PSMA PET/CT Impacts the Clinical Management Plans of Patients With Prostate Cancer and BCR

The US Food and Drug Administration (FDA) approved the use of prostate-specific membrane antigen positron emission tomography (PSMA PET) scans for the evaluation of patients with prostate cancer in 2021. Following that approval, the clinical management plans of 39% to 62% of patients with prostate cancer outside of the United States have been impacted by the use of PSMA PET.

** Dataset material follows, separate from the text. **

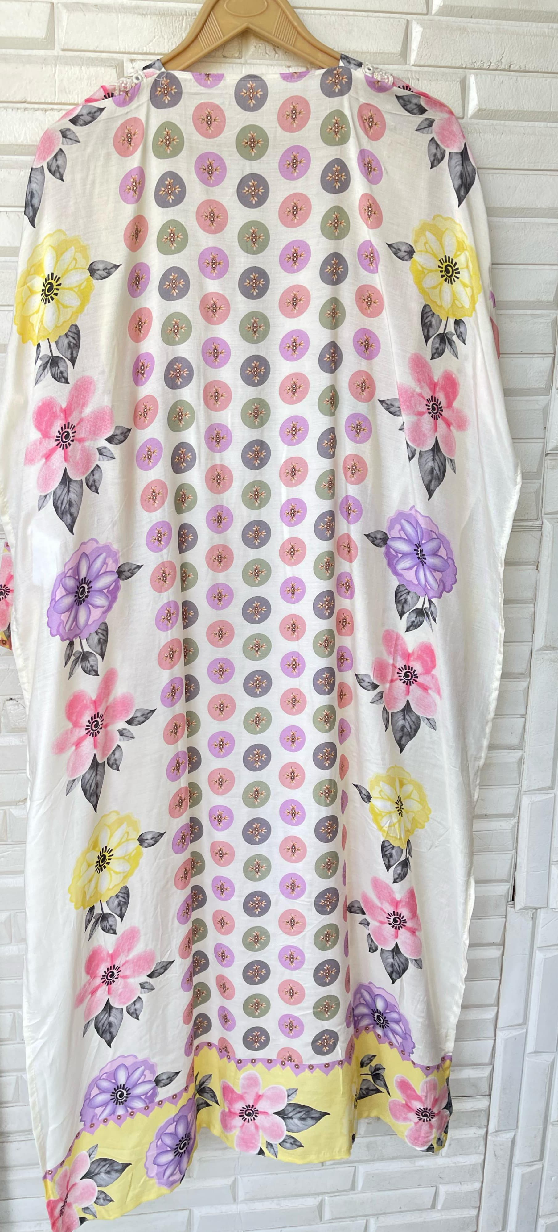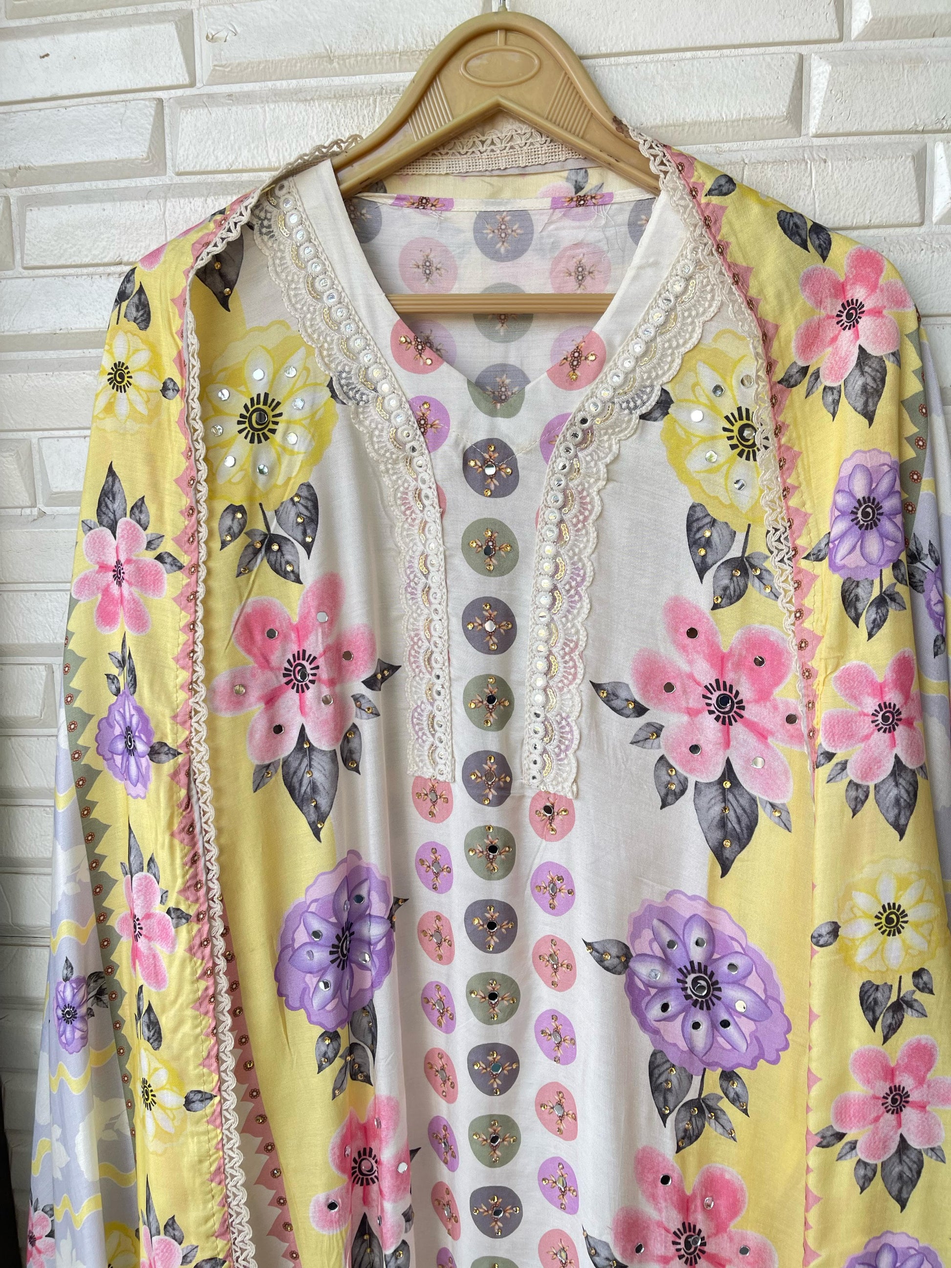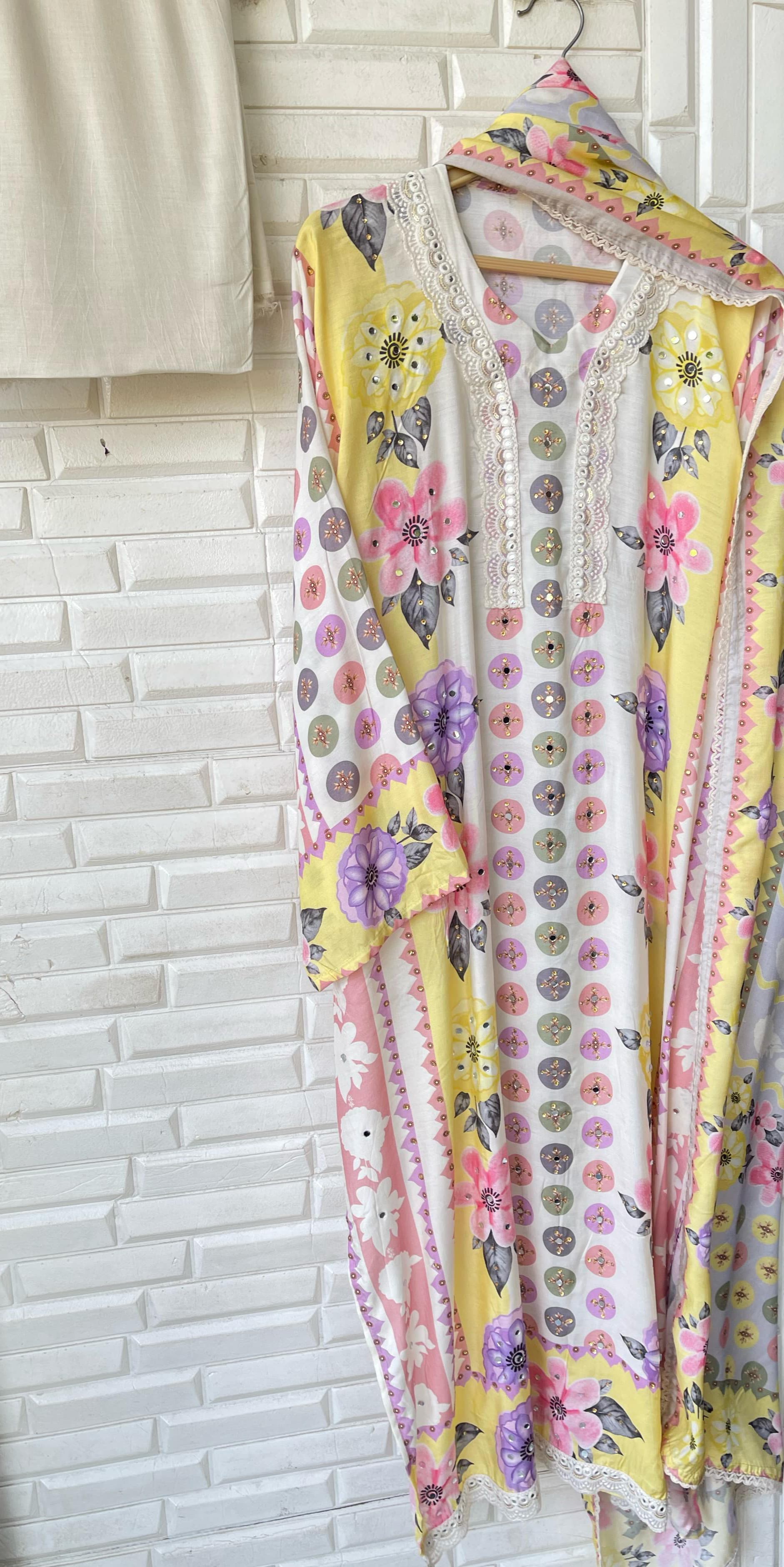 đ Muslin printed fabric unstitched shirt with mirror work swarowski highlighting and crotia ghera lace with mirror pathri work

Within the United States, the impact of PSMA PET on care management has not been thoroughly examined. To gain more insight, a team of researchers based in Massachusetts and Texas carried out a study on the routine clinical use of PSMA PET, its impact on the management of biochemical recurrence (BCR), and its relationship to other clinical parameters.

The study analyzed 91 patients with prostate cancer and BCR who had received ⁶⁸Ga-PSMA and ¹⁸F-piflufolastat PET/computed tomography (CT) between October 2021 and March 2022. Patient management plans, prostate-specific antigen (PSA) levels, and Gleason scores were compared. Imaging reports were reviewed for locations of PSMA-avid lesions.

The care management plans for 53 patients (58%, group 1) were changed after those patients underwent PSMA PET/CT, while 38 patients (42%, group 2) did not experience a change in their management plans. PSA levels and Gleason scores were higher in group 1 than group 2, although not significantly (PSA level: 8.02±29.9 vs 3.29±5.2 ng/mL; P=.4; Gleason ≥8: 19/29 [69%] vs Gleason <8: 33/62 [53%]; P=.15).

The detection of previously known PSMA-avid osseous lesions was associated with management changes (P=.01), but the detection of lesions in other anatomic locations was not. PSMA PET/CT findings resulted in more intensified treatment. In 3 patients, treatment plans were changed from chemoradiation to PSA surveillance as no localizable disease was detected on PSMA PET/CT (n=2). A subset of patients scheduled for hormone therapy was switched to active surveillance after those patients received negative PSMA PET scans.

A total of 36 patients with an initial management plan of PSA surveillance had their management plans updated to other procedures, including prostate bed and/or pelvic lymph node radiotherapy, chemotherapy and hormone therapy either combined or as a monotherapy, and radiotherapy plus chemotherapy or hormone therapy. A total of 17 patients with an initial management plan of prostate bed radiotherapy, chemotherapy, or hormone therapy received PSA surveillance instead.

Following FDA approval, the routine use of PSMA PET/CT has had a noticeable impact on the clinical management of patients with prostate cancer and BCR. Patients who had no PSMA-avid lesions or newly identified osseous lesions were impacted the most.